**Your assignment**
Every line below is to be copied exactly, with the pictures left out.

**Recorded data**
= = = = = = =

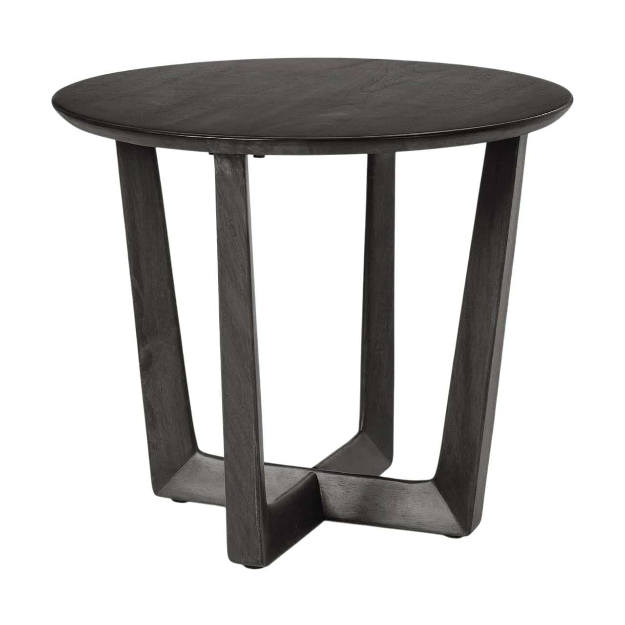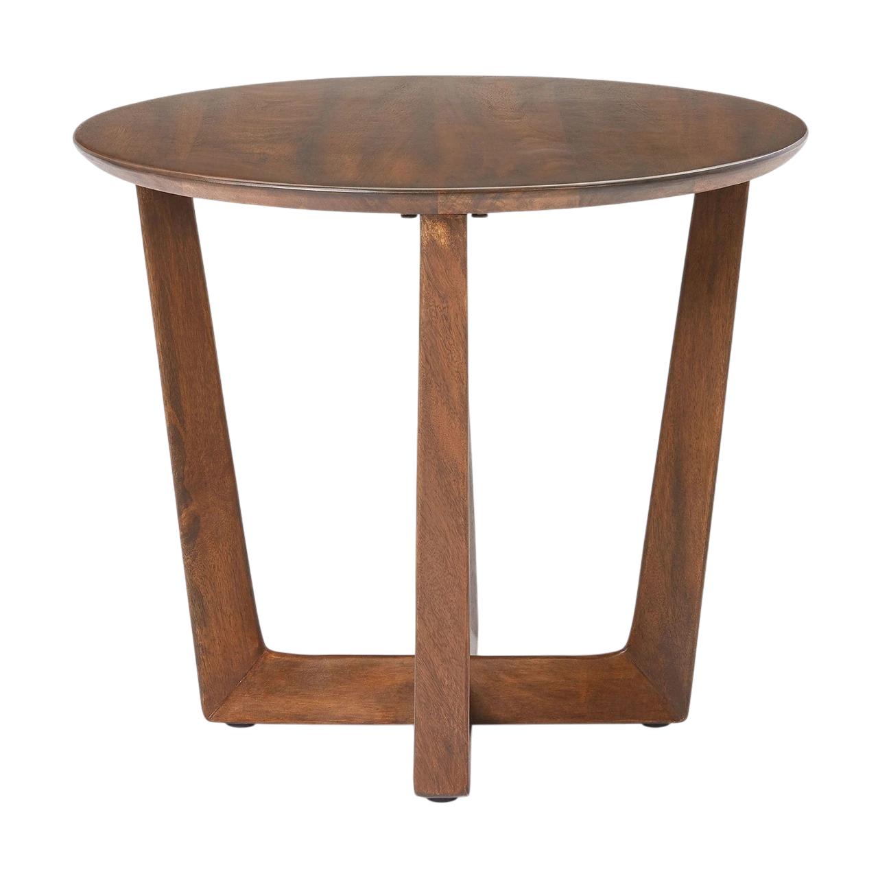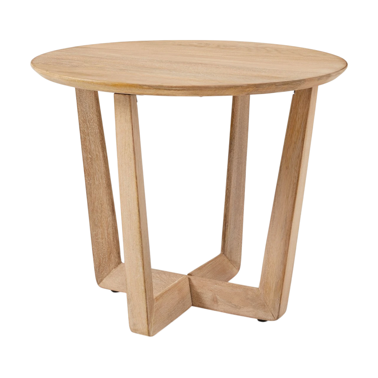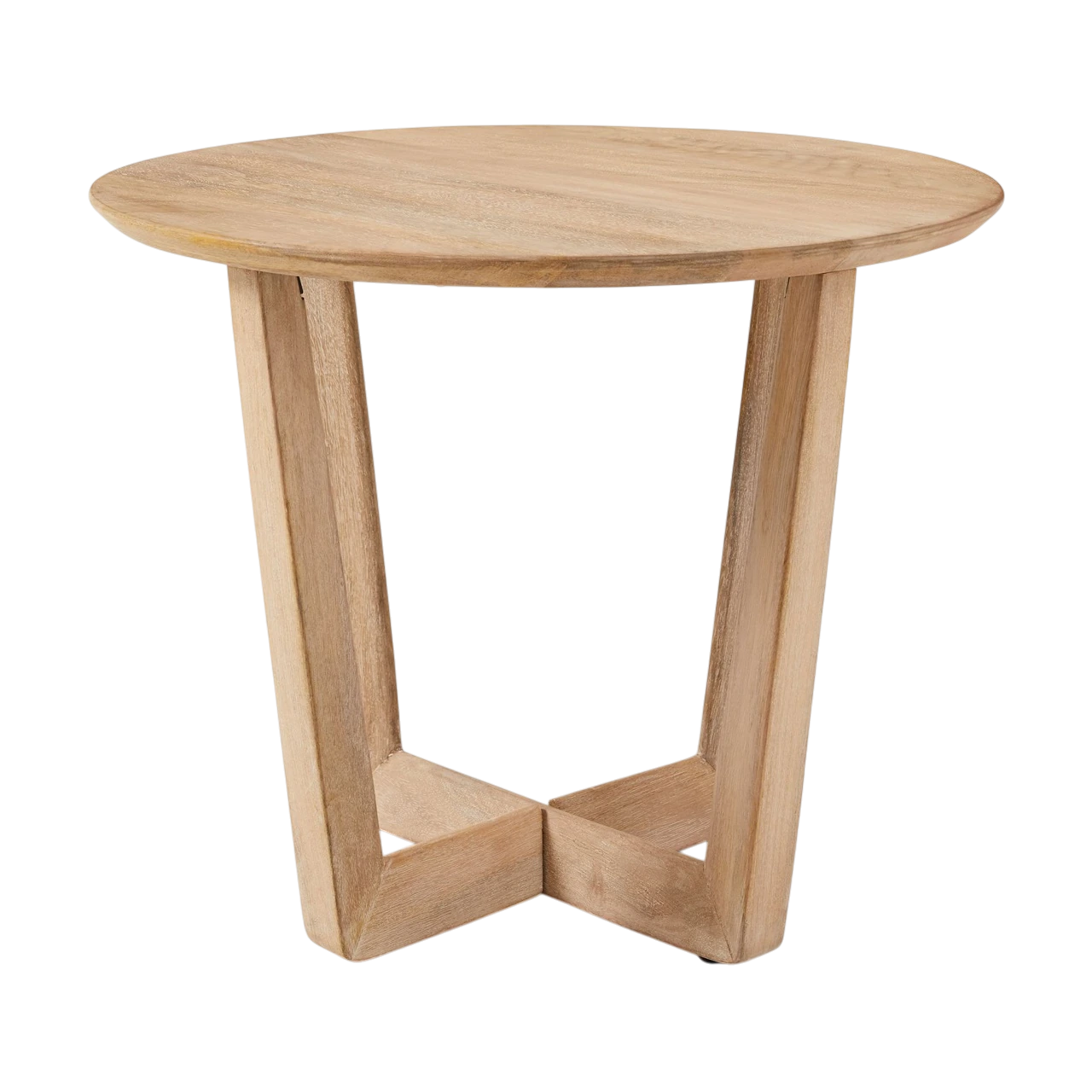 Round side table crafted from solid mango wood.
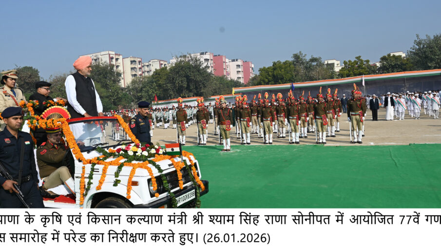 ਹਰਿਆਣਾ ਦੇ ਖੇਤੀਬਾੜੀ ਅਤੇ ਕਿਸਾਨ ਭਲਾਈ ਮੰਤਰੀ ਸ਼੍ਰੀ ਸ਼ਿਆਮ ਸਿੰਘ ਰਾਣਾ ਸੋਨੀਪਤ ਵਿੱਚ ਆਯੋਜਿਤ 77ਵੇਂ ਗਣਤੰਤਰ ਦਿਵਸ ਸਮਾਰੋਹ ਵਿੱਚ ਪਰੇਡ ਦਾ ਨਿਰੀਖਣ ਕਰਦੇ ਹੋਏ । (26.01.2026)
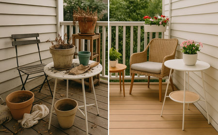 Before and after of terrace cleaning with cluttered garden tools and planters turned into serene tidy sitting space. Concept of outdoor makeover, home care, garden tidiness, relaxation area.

= = = = = = =

**Task output**
 Round side table crafted from solid mango wood.
 ਹਰਿਆਣਾ ਦੇ ਖੇਤੀਬਾੜੀ ਅਤੇ ਕਿਸਾਨ ਭਲਾਈ ਮੰਤਰੀ ਸ਼੍ਰੀ ਸ਼ਿਆਮ ਸਿੰਘ ਰਾਣਾ ਸੋਨੀਪਤ ਵਿੱਚ ਆਯੋਜਿਤ 77ਵੇਂ ਗਣਤੰਤਰ ਦਿਵਸ ਸਮਾਰੋਹ ਵਿੱਚ ਪਰੇਡ ਦਾ ਨਿਰੀਖਣ ਕਰਦੇ ਹੋਏ । (26.01.2026)
 Before and after of terrace cleaning with cluttered garden tools and planters turned into serene tidy sitting space. Concept of outdoor makeover, home care, garden tidiness, relaxation area.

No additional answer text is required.